Data shown |
··········

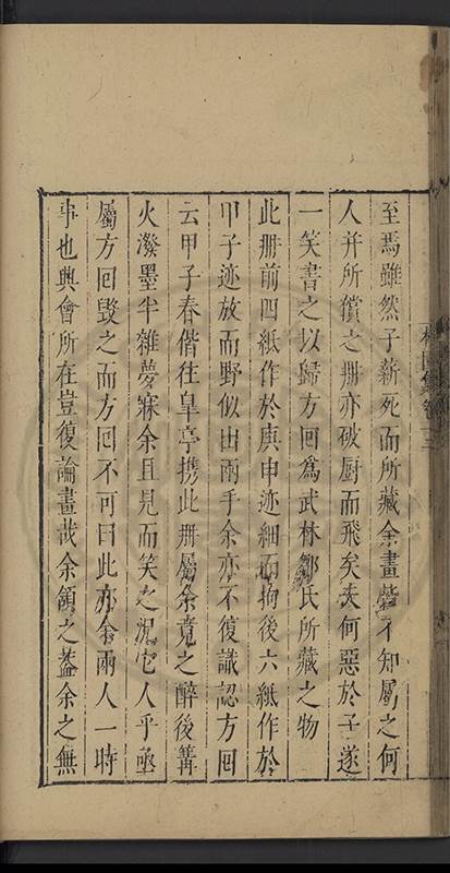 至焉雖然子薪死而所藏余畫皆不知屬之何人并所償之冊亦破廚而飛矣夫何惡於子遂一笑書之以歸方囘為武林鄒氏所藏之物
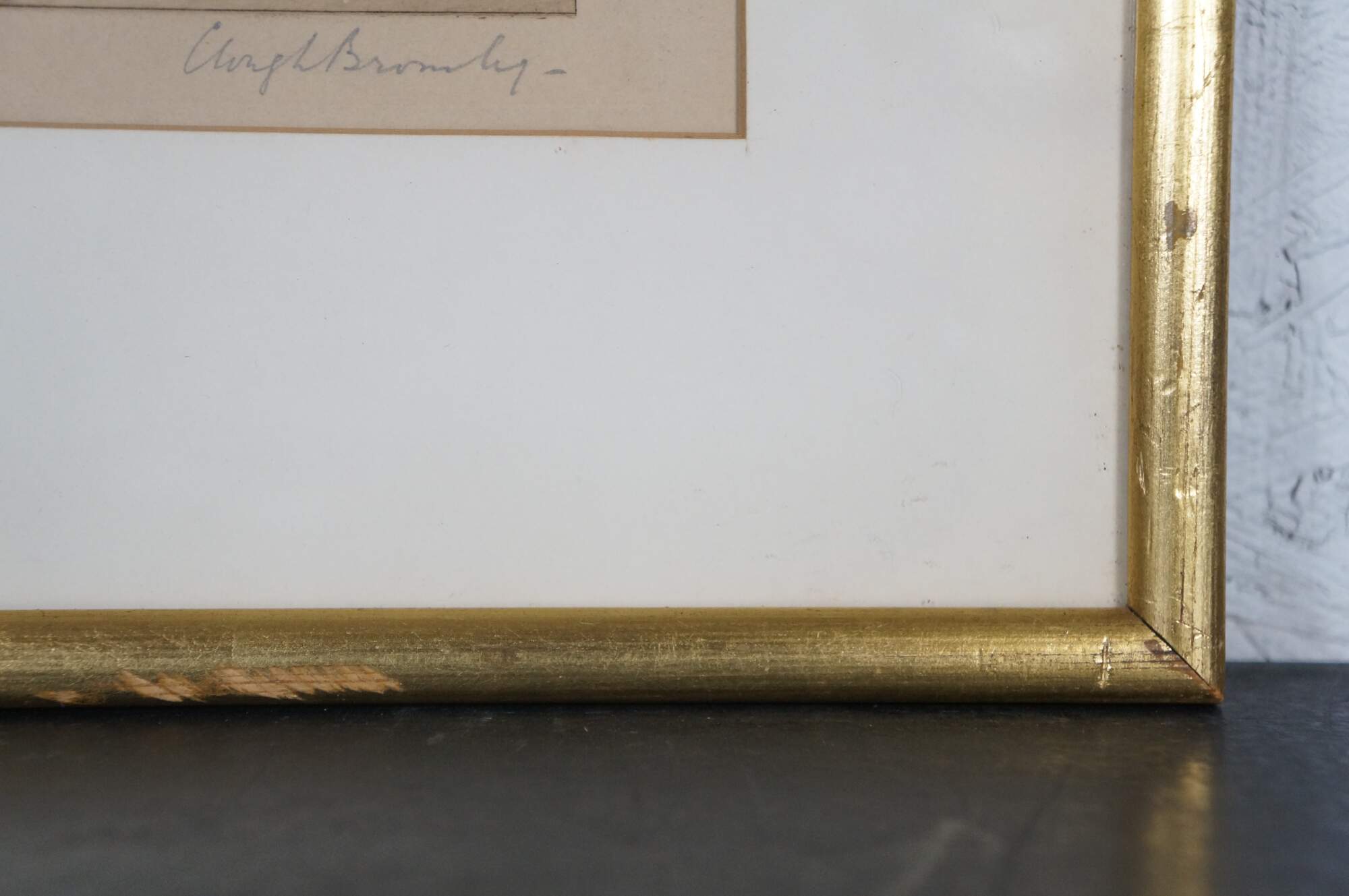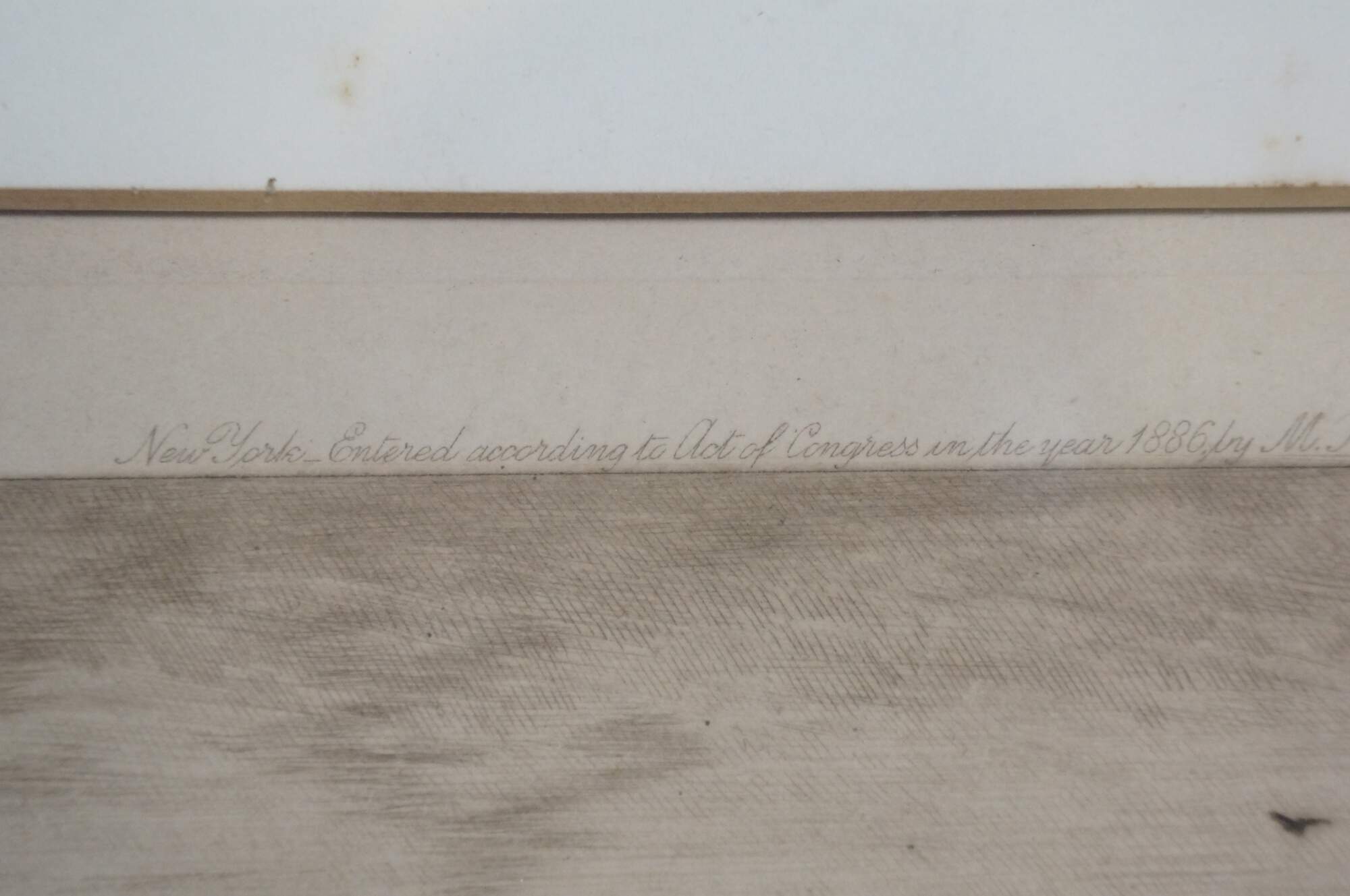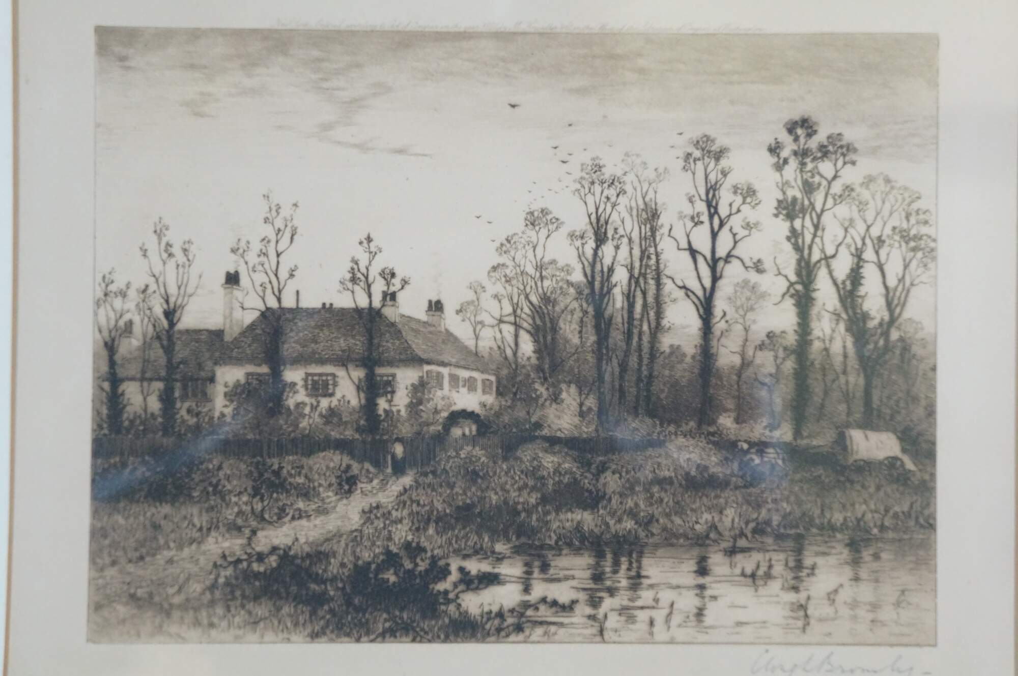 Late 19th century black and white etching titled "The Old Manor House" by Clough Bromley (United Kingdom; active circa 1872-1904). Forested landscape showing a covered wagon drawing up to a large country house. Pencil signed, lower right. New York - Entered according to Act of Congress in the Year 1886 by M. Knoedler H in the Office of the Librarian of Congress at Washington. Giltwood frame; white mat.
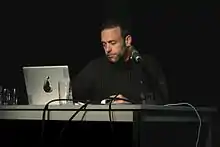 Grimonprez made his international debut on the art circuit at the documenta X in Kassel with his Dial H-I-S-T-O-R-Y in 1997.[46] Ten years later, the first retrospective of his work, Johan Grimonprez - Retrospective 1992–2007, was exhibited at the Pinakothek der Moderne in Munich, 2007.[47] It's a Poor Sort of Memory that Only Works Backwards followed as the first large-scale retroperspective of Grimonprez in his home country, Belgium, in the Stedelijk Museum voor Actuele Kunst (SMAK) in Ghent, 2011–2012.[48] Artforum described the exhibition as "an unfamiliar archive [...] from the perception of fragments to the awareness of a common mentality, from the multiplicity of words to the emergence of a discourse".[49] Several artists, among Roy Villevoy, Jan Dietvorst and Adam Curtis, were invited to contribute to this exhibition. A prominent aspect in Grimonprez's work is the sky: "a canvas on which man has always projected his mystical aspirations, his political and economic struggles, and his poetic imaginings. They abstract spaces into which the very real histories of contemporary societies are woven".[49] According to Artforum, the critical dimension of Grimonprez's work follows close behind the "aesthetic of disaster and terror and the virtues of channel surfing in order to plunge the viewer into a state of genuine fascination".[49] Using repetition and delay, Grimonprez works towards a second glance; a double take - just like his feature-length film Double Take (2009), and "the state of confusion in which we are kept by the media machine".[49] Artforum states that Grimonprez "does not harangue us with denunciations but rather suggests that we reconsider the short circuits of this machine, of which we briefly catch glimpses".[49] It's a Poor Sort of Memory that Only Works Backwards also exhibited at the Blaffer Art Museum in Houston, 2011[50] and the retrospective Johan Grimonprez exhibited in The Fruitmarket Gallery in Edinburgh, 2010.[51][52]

··········

Your assignment |
Restate the listing word for word, pictures omitted.

Written response |
 至焉雖然子薪死而所藏余畫皆不知屬之何人并所償之冊亦破廚而飛矣夫何惡於子遂一笑書之以歸方囘為武林鄒氏所藏之物
 Late 19th century black and white etching titled "The Old Manor House" by Clough Bromley (United Kingdom; active circa 1872-1904). Forested landscape showing a covered wagon drawing up to a large country house. Pencil signed, lower right. New York - Entered according to Act of Congress in the Year 1886 by M. Knoedler H in the Office of the Librarian of Congress at Washington. Giltwood frame; white mat.
 Grimonprez made his international debut on the art circuit at the documenta X in Kassel with his Dial H-I-S-T-O-R-Y in 1997.[46] Ten years later, the first retrospective of his work, Johan Grimonprez - Retrospective 1992–2007, was exhibited at the Pinakothek der Moderne in Munich, 2007.[47] It's a Poor Sort of Memory that Only Works Backwards followed as the first large-scale retroperspective of Grimonprez in his home country, Belgium, in the Stedelijk Museum voor Actuele Kunst (SMAK) in Ghent, 2011–2012.[48] Artforum described the exhibition as "an unfamiliar archive [...] from the perception of fragments to the awareness of a common mentality, from the multiplicity of words to the emergence of a discourse".[49] Several artists, among Roy Villevoy, Jan Dietvorst and Adam Curtis, were invited to contribute to this exhibition. A prominent aspect in Grimonprez's work is the sky: "a canvas on which man has always projected his mystical aspirations, his political and economic struggles, and his poetic imaginings. They abstract spaces into which the very real histories of contemporary societies are woven".[49] According to Artforum, the critical dimension of Grimonprez's work follows close behind the "aesthetic of disaster and terror and the virtues of channel surfing in order to plunge the viewer into a state of genuine fascination".[49] Using repetition and delay, Grimonprez works towards a second glance; a double take - just like his feature-length film Double Take (2009), and "the state of confusion in which we are kept by the media machine".[49] Artforum states that Grimonprez "does not harangue us with denunciations but rather suggests that we reconsider the short circuits of this machine, of which we briefly catch glimpses".[49] It's a Poor Sort of Memory that Only Works Backwards also exhibited at the Blaffer Art Museum in Houston, 2011[50] and the retrospective Johan Grimonprez exhibited in The Fruitmarket Gallery in Edinburgh, 2010.[51][52]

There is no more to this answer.